YOUR INSTRUCTIONS →
Give again, exactly as written, the lines of the records below from the line with "Sublimez vos cérémonies" to the line with "1970 Fisher original". Both end lines count; pictures do not.

DATA TO EXAMINE →
_ _ _ _ _
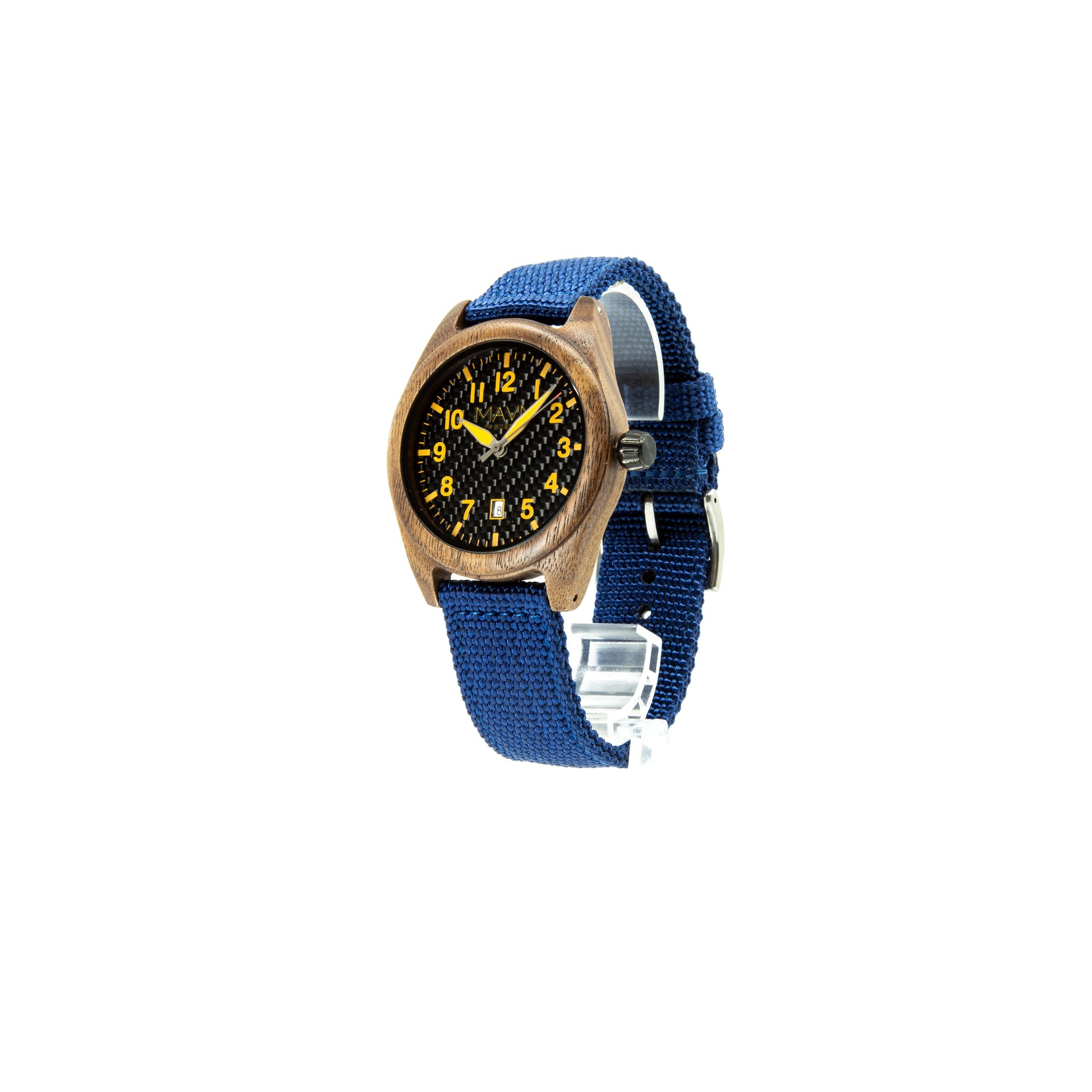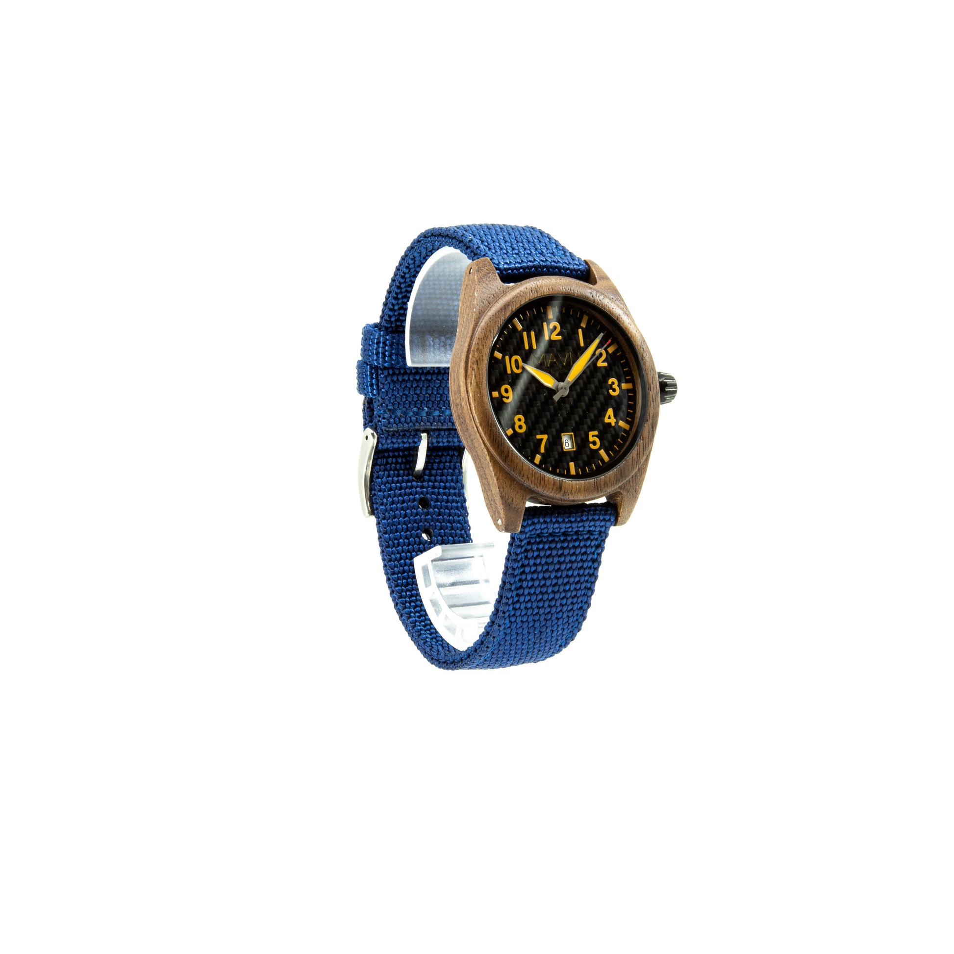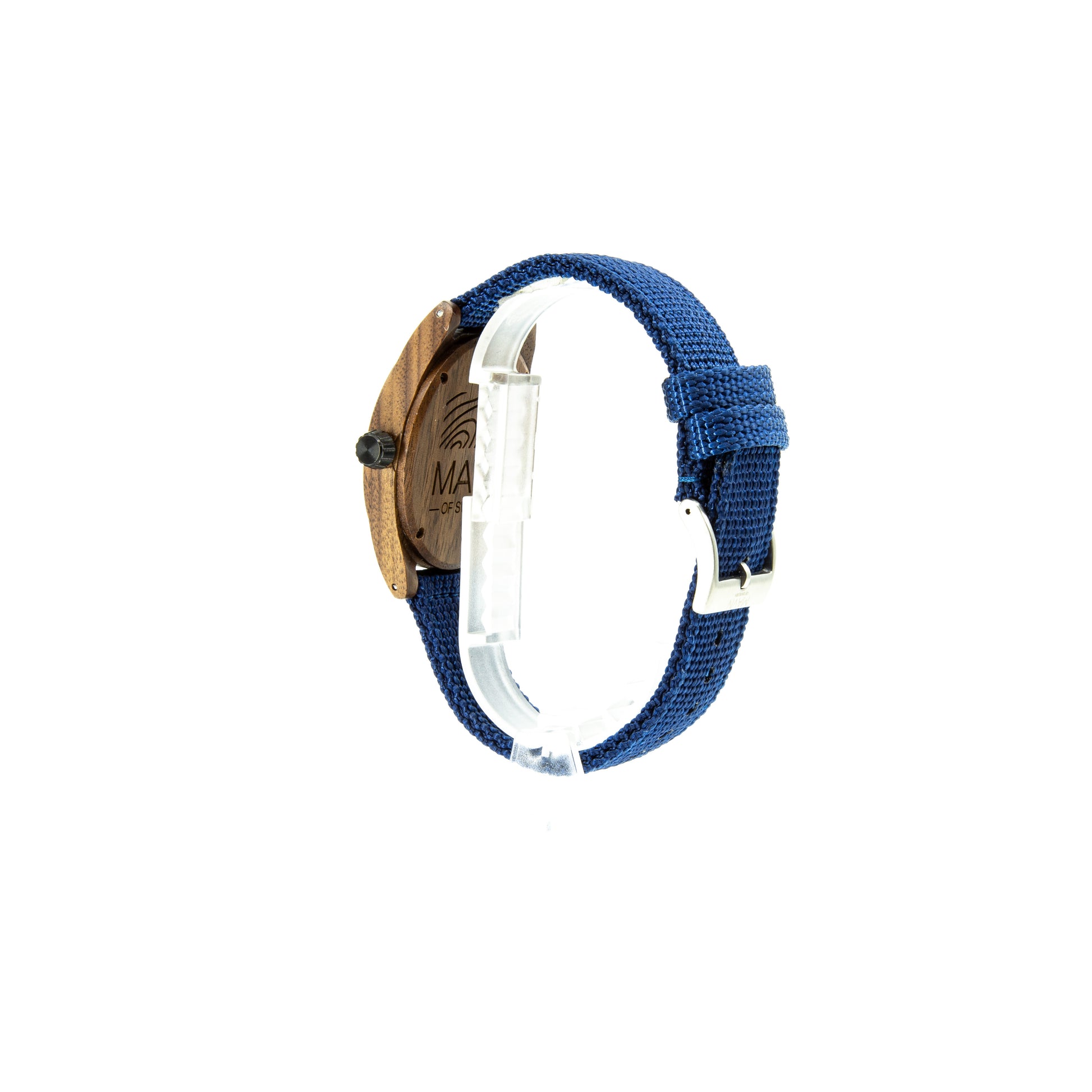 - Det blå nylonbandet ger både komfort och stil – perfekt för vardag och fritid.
_ _ _ _ _
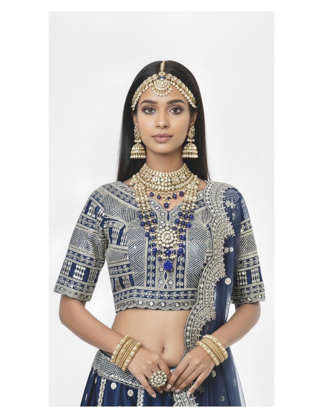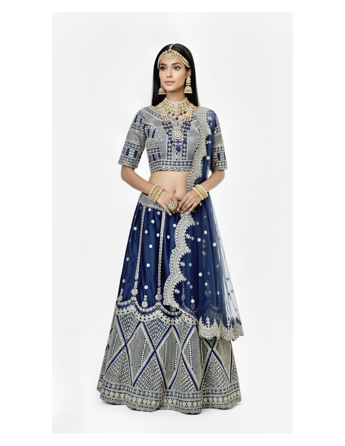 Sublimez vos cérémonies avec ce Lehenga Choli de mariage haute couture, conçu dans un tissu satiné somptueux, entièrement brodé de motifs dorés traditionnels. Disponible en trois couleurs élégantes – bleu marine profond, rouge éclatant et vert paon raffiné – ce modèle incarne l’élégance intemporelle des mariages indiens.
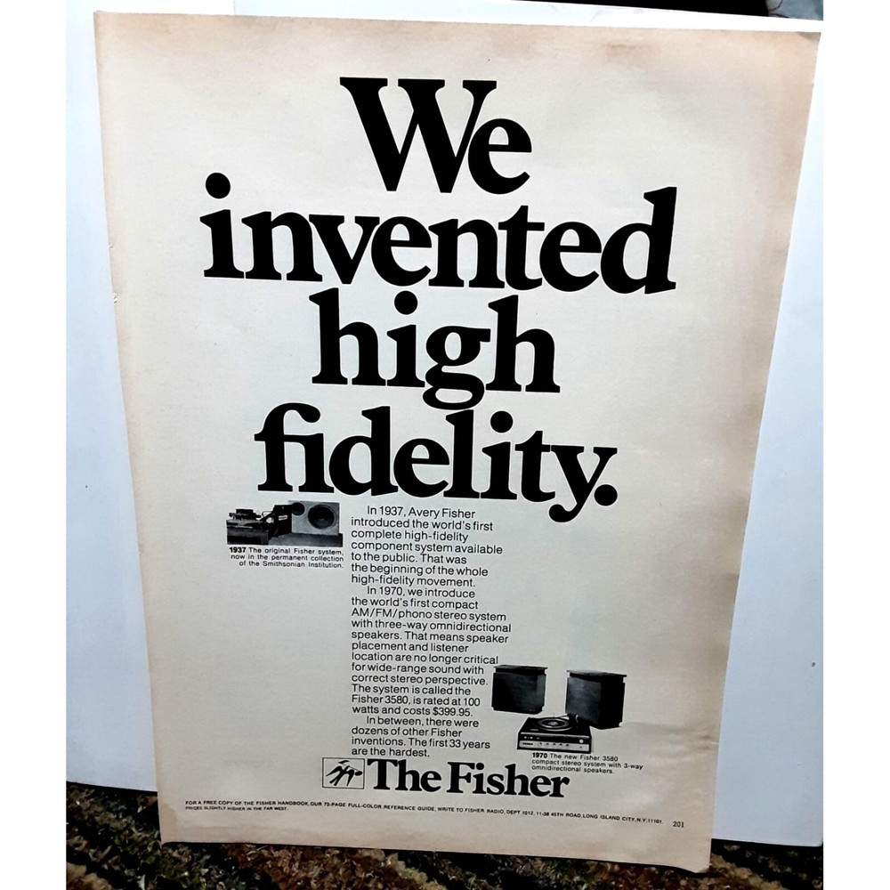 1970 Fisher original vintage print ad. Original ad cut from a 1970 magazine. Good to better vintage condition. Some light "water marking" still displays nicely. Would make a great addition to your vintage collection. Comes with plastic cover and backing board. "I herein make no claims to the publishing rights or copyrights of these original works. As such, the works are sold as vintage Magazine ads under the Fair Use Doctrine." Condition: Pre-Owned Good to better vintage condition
_ _ _ _ _
ANSWER TO THE PROBLEM →
 Sublimez vos cérémonies avec ce Lehenga Choli de mariage haute couture, conçu dans un tissu satiné somptueux, entièrement brodé de motifs dorés traditionnels. Disponible en trois couleurs élégantes – bleu marine profond, rouge éclatant et vert paon raffiné – ce modèle incarne l’élégance intemporelle des mariages indiens.
 1970 Fisher original vintage print ad. Original ad cut from a 1970 magazine. Good to better vintage condition. Some light "water marking" still displays nicely. Would make a great addition to your vintage collection. Comes with plastic cover and backing board. "I herein make no claims to the publishing rights or copyrights of these original works. As such, the works are sold as vintage Magazine ads under the Fair Use Doctrine." Condition: Pre-Owned Good to better vintage condition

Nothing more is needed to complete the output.